**RECORDED INFORMATION**

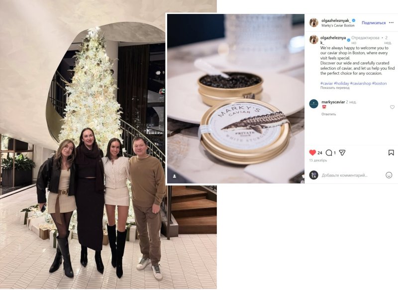 …Образцово-сказочной жизнью релоканта на Западе можно считать пример вышеупомянутого банкира Железняка. Весной 2025-го в Бостоне его семья купила магазин чёрной икры “Marky's Caviar Boston”. Одновременно на страничке в Инстаграм** Ольги Железняк, жены банкира и бывшего вице-президента ФБК**, появилась реклама этого магазина.
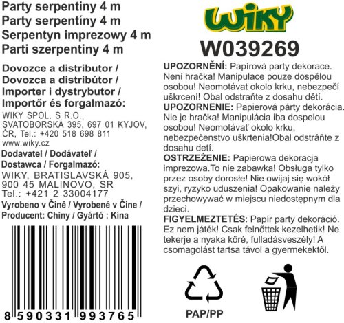 Papierové párty serpentíny PRUHY s dĺžkou 4 m.
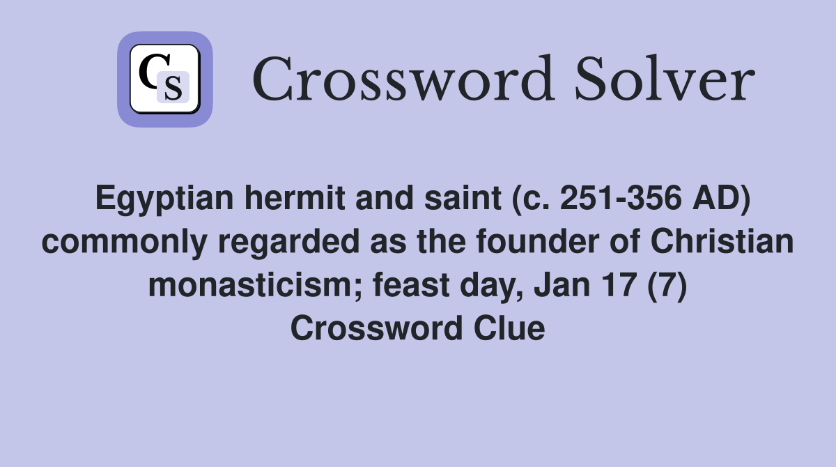 Egyptian hermit and saint (c 251 356 AD) commonly regarded as the

**INSTRUCTIONS TO FOLLOW**
Omit the pictures. Transcribe word for word the lines from the one containing "Papierové párty serpentíny" through the end of the listing, inclusive.

**ANSWER TO THE EXERCISE**
 Papierové párty serpentíny PRUHY s dĺžkou 4 m.
 Egyptian hermit and saint (c 251 356 AD) commonly regarded as the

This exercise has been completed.